For this task, output exactly the lines of the material below starting at the line with "The relative production" and ending at the line with "Sandalias de piel"; pictures are to be excluded.

▶ _Given entries_
=-=-=-=-=

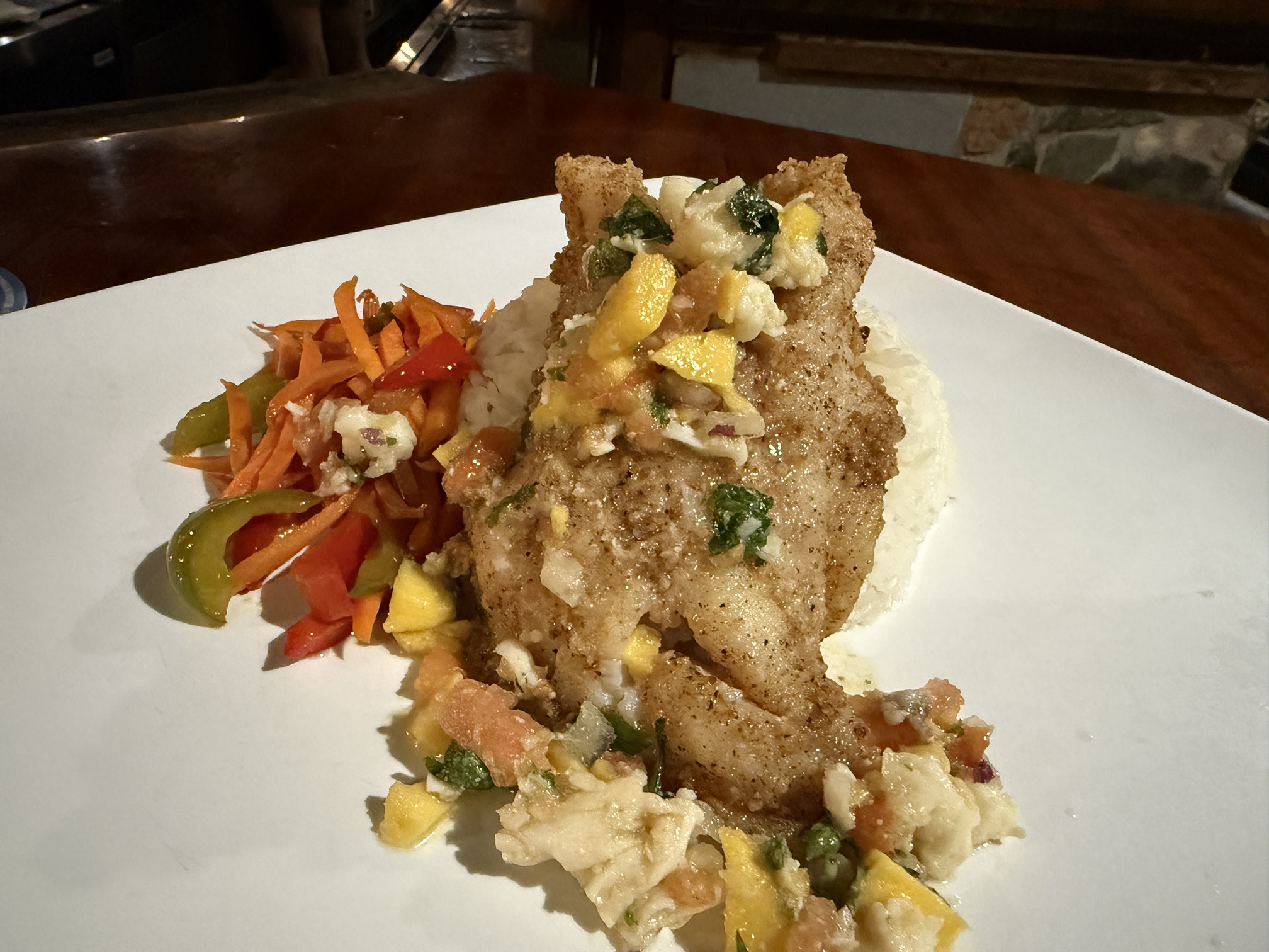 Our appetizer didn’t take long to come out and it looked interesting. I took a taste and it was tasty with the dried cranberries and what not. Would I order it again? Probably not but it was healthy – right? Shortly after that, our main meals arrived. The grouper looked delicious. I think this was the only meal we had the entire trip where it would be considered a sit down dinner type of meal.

=-=-=-=-=

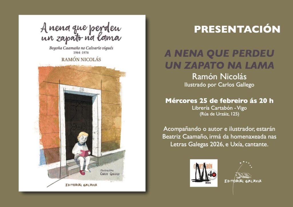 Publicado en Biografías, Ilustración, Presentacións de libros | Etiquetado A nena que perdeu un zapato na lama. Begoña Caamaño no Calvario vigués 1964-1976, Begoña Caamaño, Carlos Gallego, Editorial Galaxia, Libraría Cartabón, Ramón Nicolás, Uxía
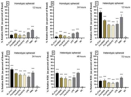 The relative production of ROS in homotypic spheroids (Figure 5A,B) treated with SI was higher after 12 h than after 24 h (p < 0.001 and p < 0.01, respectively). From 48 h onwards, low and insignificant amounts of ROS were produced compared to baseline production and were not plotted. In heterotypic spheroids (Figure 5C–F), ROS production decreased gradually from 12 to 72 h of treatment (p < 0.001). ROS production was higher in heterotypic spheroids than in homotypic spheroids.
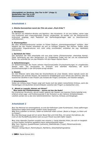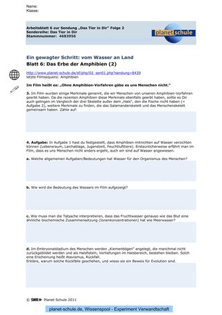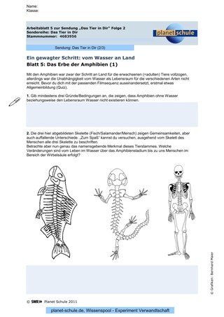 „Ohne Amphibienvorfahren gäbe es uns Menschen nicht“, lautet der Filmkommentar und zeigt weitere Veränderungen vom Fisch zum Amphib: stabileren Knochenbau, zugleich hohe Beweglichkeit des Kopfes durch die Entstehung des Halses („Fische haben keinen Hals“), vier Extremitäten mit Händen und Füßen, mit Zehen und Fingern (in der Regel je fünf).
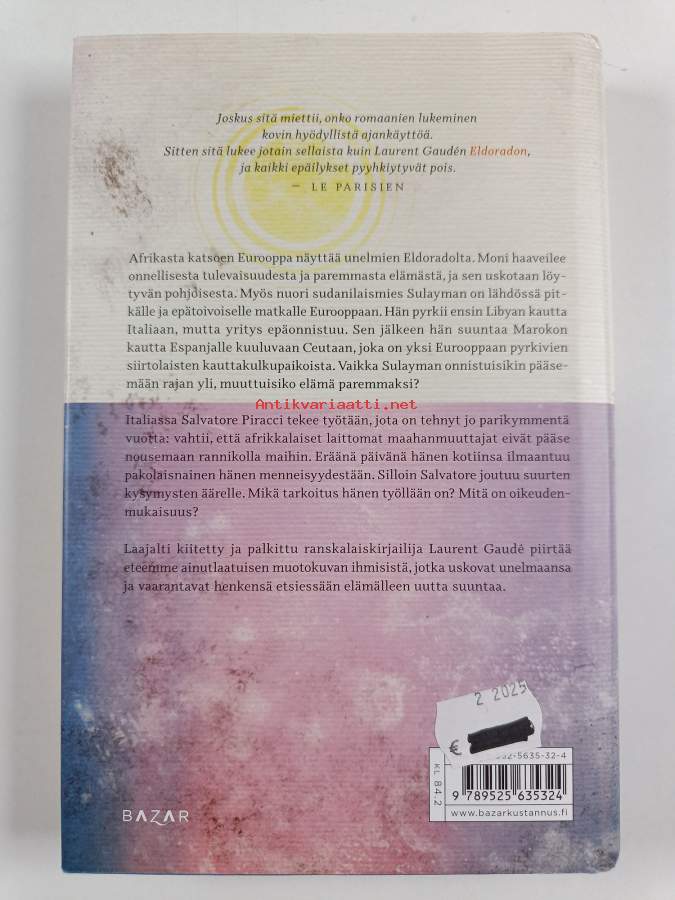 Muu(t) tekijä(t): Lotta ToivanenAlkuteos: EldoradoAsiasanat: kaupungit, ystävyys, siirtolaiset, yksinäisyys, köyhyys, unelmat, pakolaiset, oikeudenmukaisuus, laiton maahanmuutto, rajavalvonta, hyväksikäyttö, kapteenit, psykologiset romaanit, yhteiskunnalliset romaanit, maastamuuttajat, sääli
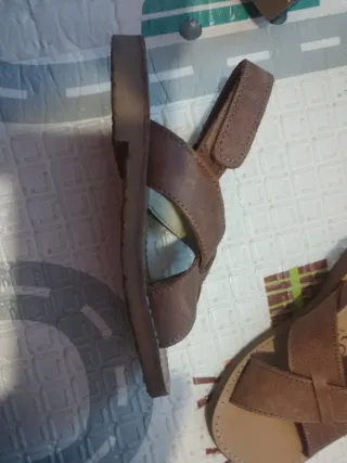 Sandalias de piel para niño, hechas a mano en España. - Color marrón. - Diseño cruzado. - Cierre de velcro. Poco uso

=-=-=-=-=

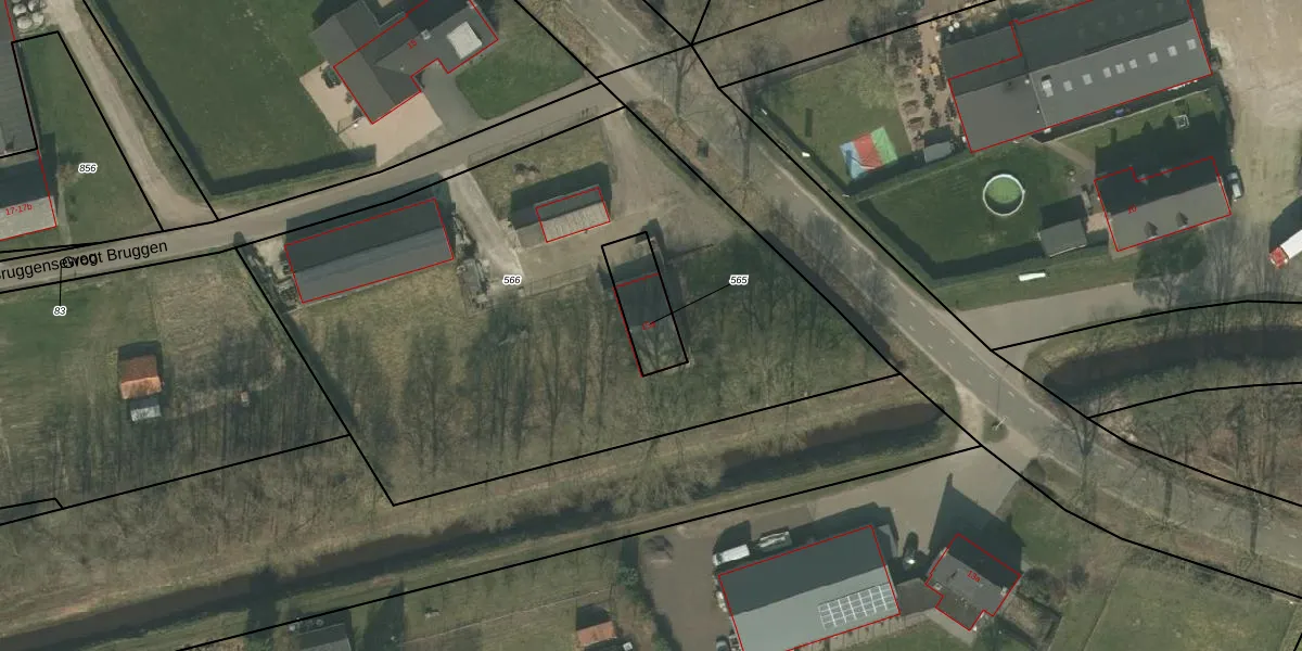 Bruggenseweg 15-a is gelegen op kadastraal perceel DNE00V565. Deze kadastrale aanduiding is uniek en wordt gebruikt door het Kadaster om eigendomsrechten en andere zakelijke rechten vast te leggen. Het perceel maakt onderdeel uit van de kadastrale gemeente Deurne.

=-=-=-=-=

▶ _Output for this exercise_
 The relative production of ROS in homotypic spheroids (Figure 5A,B) treated with SI was higher after 12 h than after 24 h (p < 0.001 and p < 0.01, respectively). From 48 h onwards, low and insignificant amounts of ROS were produced compared to baseline production and were not plotted. In heterotypic spheroids (Figure 5C–F), ROS production decreased gradually from 12 to 72 h of treatment (p < 0.001). ROS production was higher in heterotypic spheroids than in homotypic spheroids.
 „Ohne Amphibienvorfahren gäbe es uns Menschen nicht“, lautet der Filmkommentar und zeigt weitere Veränderungen vom Fisch zum Amphib: stabileren Knochenbau, zugleich hohe Beweglichkeit des Kopfes durch die Entstehung des Halses („Fische haben keinen Hals“), vier Extremitäten mit Händen und Füßen, mit Zehen und Fingern (in der Regel je fünf).
 Muu(t) tekijä(t): Lotta ToivanenAlkuteos: EldoradoAsiasanat: kaupungit, ystävyys, siirtolaiset, yksinäisyys, köyhyys, unelmat, pakolaiset, oikeudenmukaisuus, laiton maahanmuutto, rajavalvonta, hyväksikäyttö, kapteenit, psykologiset romaanit, yhteiskunnalliset romaanit, maastamuuttajat, sääli
 Sandalias de piel para niño, hechas a mano en España. - Color marrón. - Diseño cruzado. - Cierre de velcro. Poco uso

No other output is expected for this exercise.